Comments and Suggestions for Authors

The article " Cells-based models of ‘Cytokine Release Syndrome’ endorse CD40L and GM-CSF knockout in CAR T cells as mitigation  strategy " addresses a very interesting topic such as the development of an adverse reaction,  the CRS, that can become life-threatening for the patient.

 

Therefore, the article is interesting, but in my opinion it needs to address some issues before being published.

 

1 It lacks a cytometric analysis of CD19 expression on Raji and NALM6 cells. Also, why do NALM6 cells not stimulate IL- 6 release from monocytes?

2 An analysis on CAR-T cells targeting other antigens is lacking to confirm the results.

3 The in vitro potency of edited CAR-T cells is comparable to that of WT CAR-T. But I think data from in vivo experiments are also needed to validate these results.

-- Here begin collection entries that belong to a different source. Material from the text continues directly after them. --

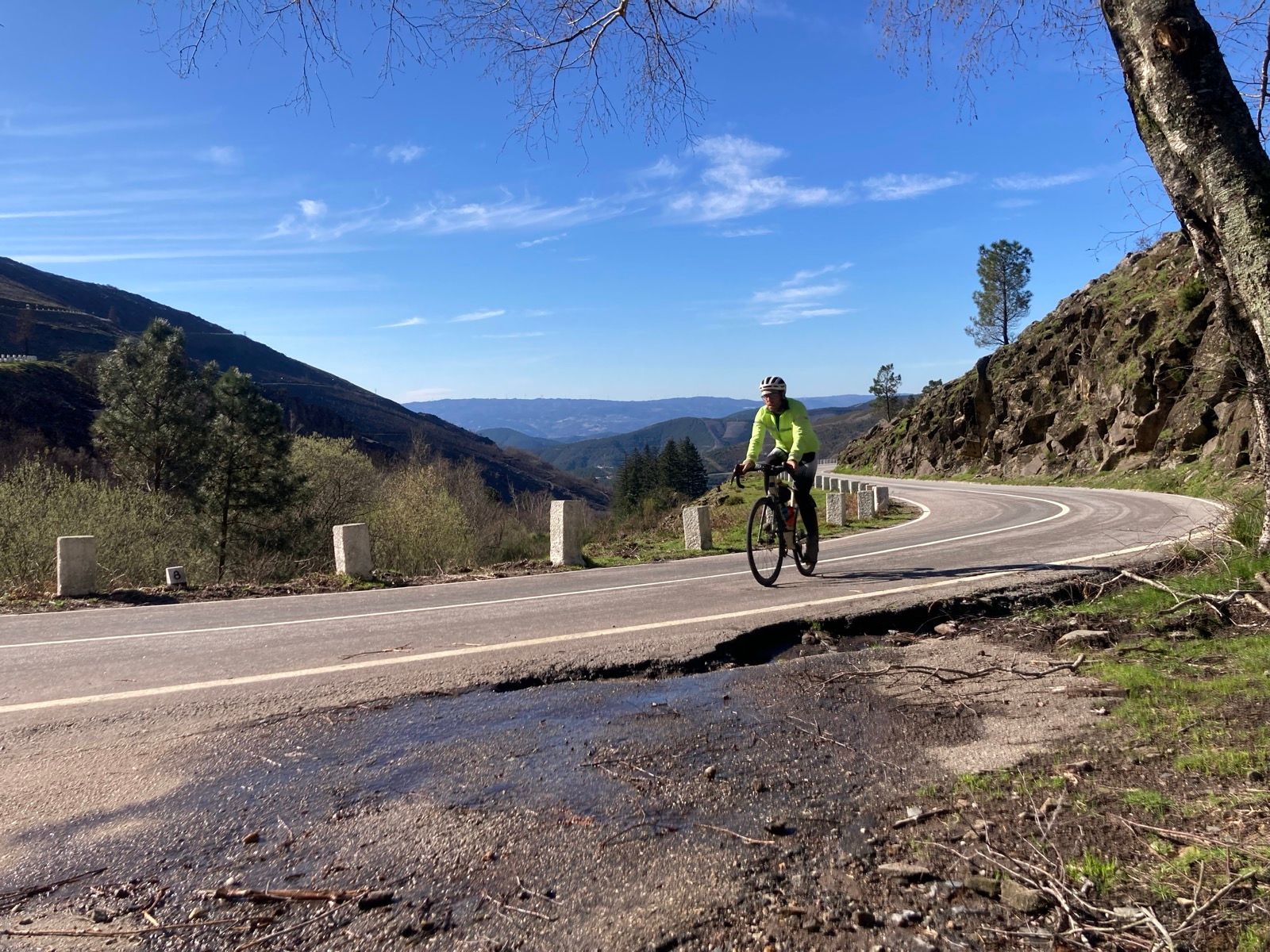 A estrada que percorre o Parque é lindíssima e, de ambos os lados, a paisagem autóctone ressurge, fazendo as delícias destes vossos cicloturistas, em recuperação muscular pós escalada. A serra, rica em granito, é um depósito natural de água, onde se vê, ou se escuta por todo o lado, pequenos riachos a escorrer dos penedos para as levadas.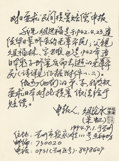 细节:我的伯父是于1942年被日军残忍杀害的无辜百姓,父亲是被日军残害后去世的,我作为受害者的后代有义务替他们讨公道,现寄上证明材料要求日本政府赔偿。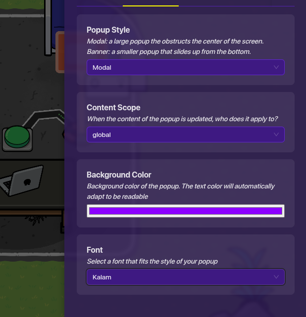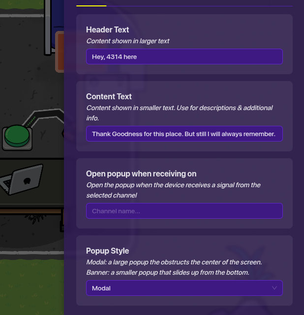 Heres the popup. it opens when the button is clicked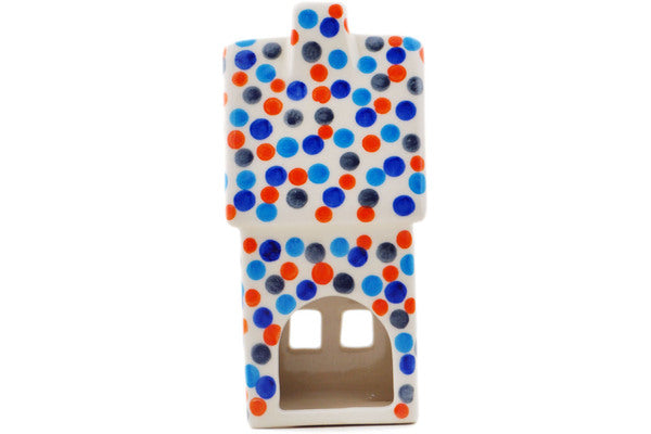 This Polish Pottery House Shaped Candle Holder is handmade and handpainted by the Ceramika Bona factory in Boleslawiec, Poland. Manufacturer item number H2105R. It is 6½" high and measures 3" by 2¾". The weight of this House Shaped Candle Holder is 0.8 lbs. It is part of the Polka Dot Frenzy Collection.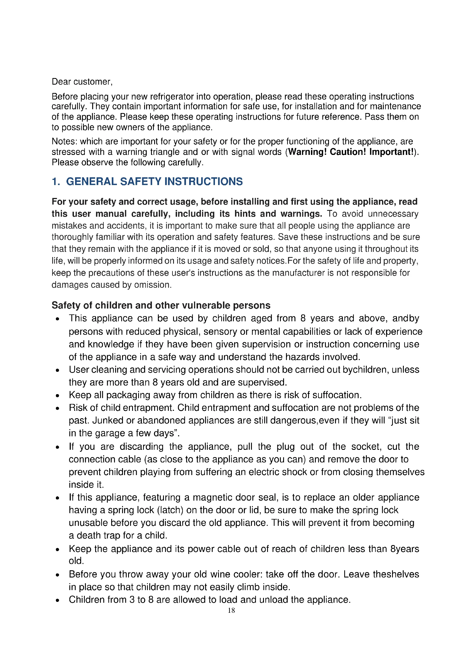 For your safety and correct usage, before installing and first using the appliance, read this user manual carefully, including its hints and warnings. To avoid unnecessary mistakes and accidents, it is important to make sure that all people using the appliance are thoroughly familiar with its operation and safety features. Save these instructions and be sure that they remain with the appliance if it is moved or sold, so that anyone using it throughout its life, will be properly informed on its usage and safety notices. For the safety of life and property, keep the precautions of these user's instructions as the manufacturer is not responsible for damages caused by omission. Safety of children and other vulnerable persons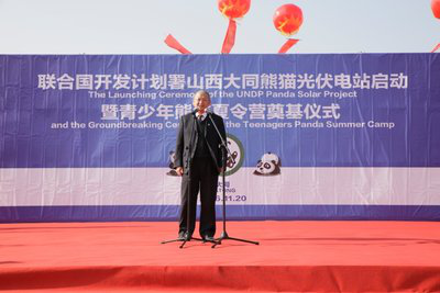 大同2016年11月21日電 /美通社/ -- 2016年11月20日,在第二十二屆聯合國氣候變化大會(COP22)分會的中國現場,全球首個“熊貓電站”啟動暨青少年熊貓夏令 營奠 基儀式在中國九大古都之一、國家新能源示范城市 -- 山西大同正式舉行。聯合國開發計劃署國別副主任何佩德 (Patrick Haverman)與大同市相關單位領導、新能源行業領袖等100余人出席了啟動儀式。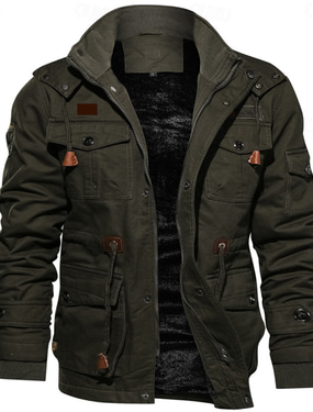 Voor heren Fleecejack Cargo-jack Windjack Thermisch Warm Casual Militair Buiten Kamperen&Wandelen Geborduurd Afneembare capuchon Katoenen jassen Winter Opstaand Lange mouw Zwart khaki Leger Groen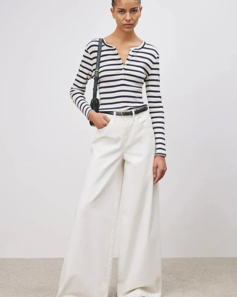 Stripes add a classic touch, while wide-leg pants keep things relaxed and stylish. Pair with pointed flats for a polished finish.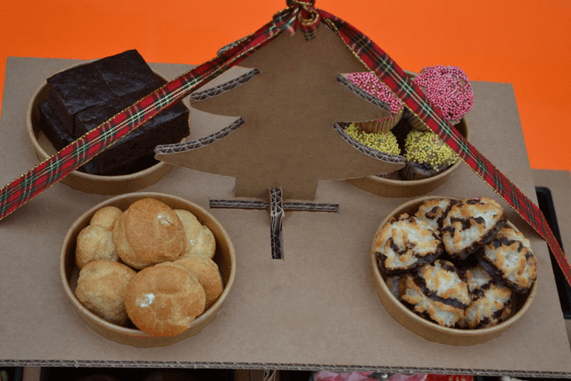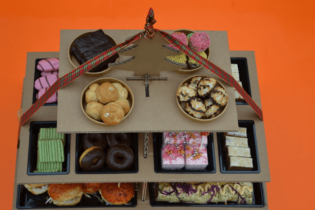 Kerst High Tea met belegde sandwiches, wraps, zoete hapjes en thee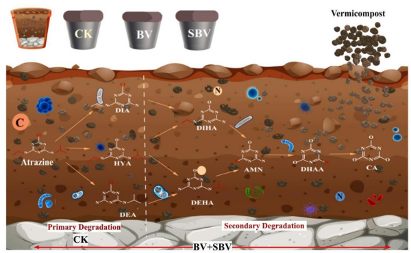 研究團(tuán)隊(duì)通過室內(nèi)盆栽實(shí)驗(yàn),結(jié)合高通量測序、液相色譜-質(zhì)譜聯(lián)用(LC-MS)和冗余分析(RDA)等技術(shù),系統(tǒng)分析了蚯蚓糞堆肥和牛糞堆肥對黑土中農(nóng)藥降解效率、微生物群落結(jié)構(gòu)及其代謝路徑的影響,并對比了不同土壤類型(黑土與鹽堿土)中堆肥的作用差異。研究明確了關(guān)鍵環(huán)境因子與微生物代謝的耦合機(jī)制,具體發(fā)現(xiàn)包括:蚯蚓糞堆肥雖未顯著提升莠去津母體的去除率,但使其初級代謝產(chǎn)物(HYA、DIA、DEA)總量降低了38.67%,并檢測到5種次級降解產(chǎn)物(如DIHA、CA等),表明其加速了莠去津的深度降解。添加蚯蚓糞堆肥使乙草胺降解率提高10.81%,半衰期縮短至8.41天,并顯著改變了細(xì)菌群落組成。在黑土中添加4%(質(zhì)量比)牛糞堆肥,可使咪唑乙煙酸降解率提高12.58%,半衰期縮短53.37%。對比發(fā)現(xiàn),土壤類型是影響修復(fù)效果的關(guān)鍵因素:在鹽堿土中,牛糞堆肥反而抑制了咪唑乙煙酸的降解。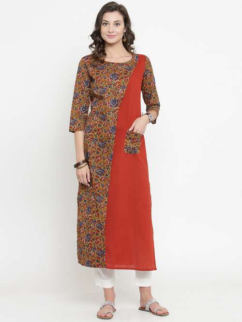 - » rust kalamkari printed kurta with pant
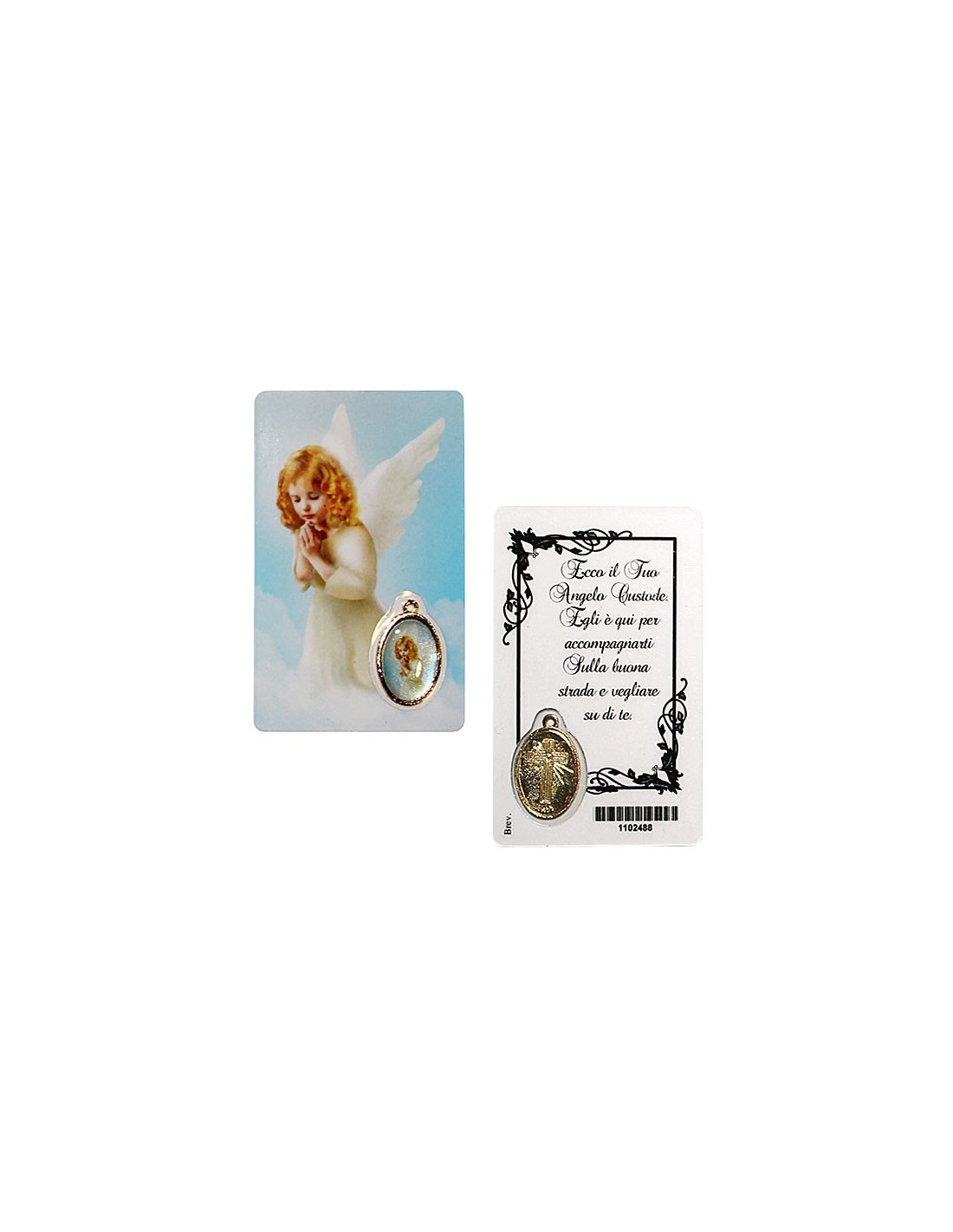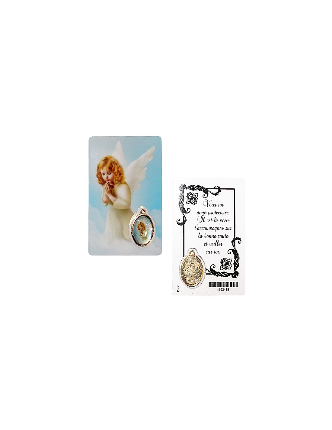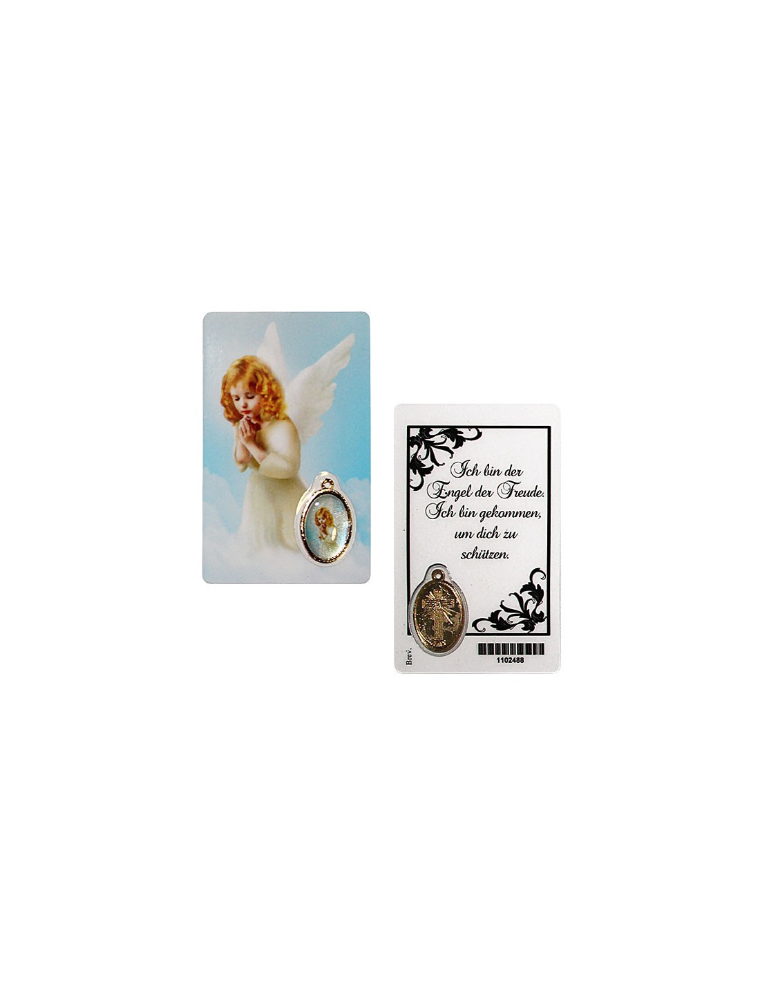 Laminated card, bank card size, with painting, prayer and medal of the Protective Angel. The golden medal is in color. A perfect gift to give to a child, a friend, and for all those you love.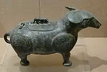 An earlier Western Zhou example is a Baoji Bronzeware Museum zoomorphic zun wine vessel discovered in the 1970s at Rujiazhuang (茹家莊), Baoji, Shaanxi, with a long snout serving as the spout, and which the preliminary report described as sheep-shaped with curled horns. Hayashi Minao (林已奈夫 1983) identified this animal as a tapir, and treated the zoologically impossible horns as whorl-shaped ears that signified the tapir's supernatural power of hearing, without any supporting evidence. Sun Ji (孫機 1986) also believed it was a stylized Malaysian tapir, and recognized it as the chimerical elephant-trunked mo that Bo Yuji described, ignoring the uniform early descriptions of the mo as bear-like (Harper 2013: 197-199).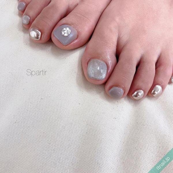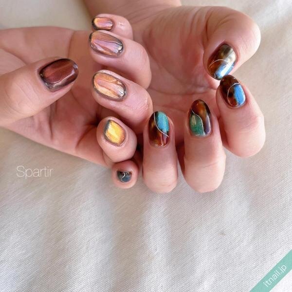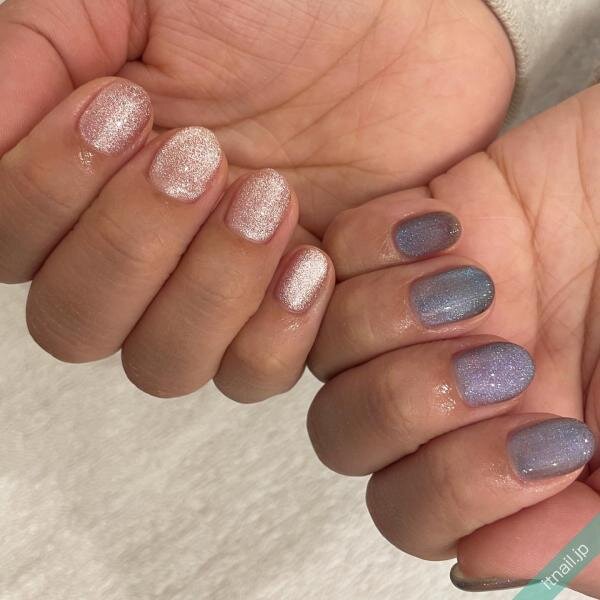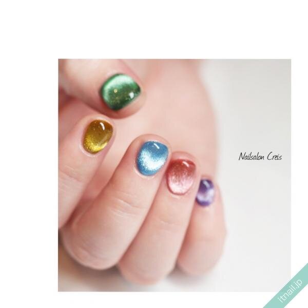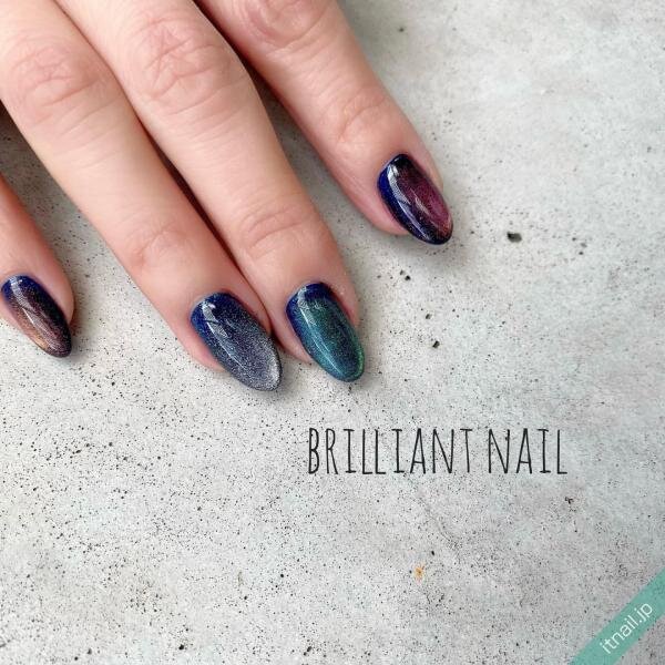 ビー玉感やギャクシー感たっぷりのちゅるんネイル。アシンメトリーで個性もバッチリです。角度によって見え方が変わるマグネットジェルの特徴を、最大限に活かしたデザインではないでしょうか!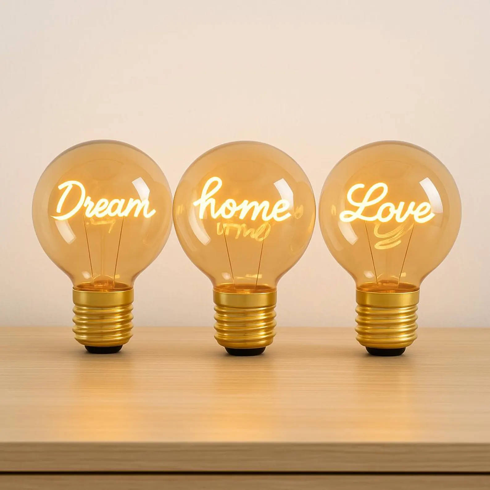 Stimmungsvolle LED-Glühbirnen mit Schriftzug – Dream, Home oder Love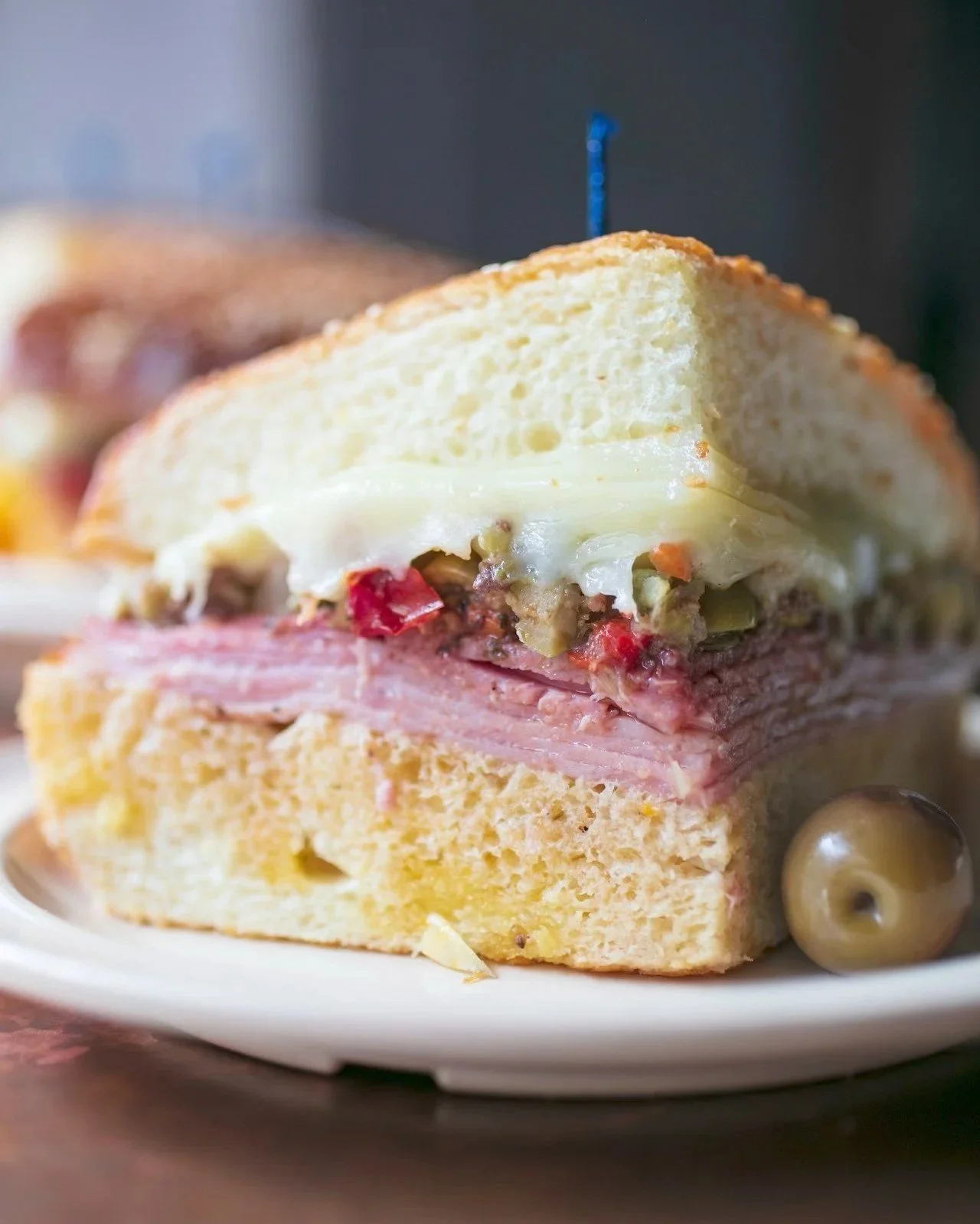 Here, the muffuletta is served hot, toasted until the cheese melts and the bread transforms into something sturdier and more deliberate. The warmth changes the structure. The flavors open up. The sandwich becomes something meant to be shared, not rushed.

4 What do the authors think about CAR-T cells engineered to express CD40L and enhance immune response? (see Kuhn et al. Cancer Cell. 2019 Mar 18; 35(3): 473-488.e6). The CD40-CD40L axis seems to be implicated in enhancing the cytotoxic response.

 

5  Finally,  to my knowledge CRS is associated, according to a relevant part of the literature, with the presence of a large tumor and thus with the significant post-treatment presence of cells that have gone to death. What do the authors think about this?

Author Response

Comments and Suggestions for Authors

The article " Cells-based models of ‘Cytokine Release Syndrome’ endorse CD40L and GM-CSF knockout in CAR T cells as mitigation strategy" addresses a very interesting topic such as the development of an adverse reaction, the CRS, that can become life-threatening for the patient.

Therefore, the article is interesting, but in my opinion it needs to address some issues before being published.

 

Response:

We thank the reviewer for his/her positive feedback. Below is our response to the reviewer, including the references to the new datasets provided.

 

 

1 It lacks a cytometric analysis of CD19 expression on Raji and NALM6 cells. Also, why do NALM6 cells not stimulate IL- 6 release from monocytes?

 

Response:

We thank the reviewer for raising these points.

a/ CD19 expression in Raji and NALM6 cells was previously validated by flow cytometry and the data are now included in Figure S1A.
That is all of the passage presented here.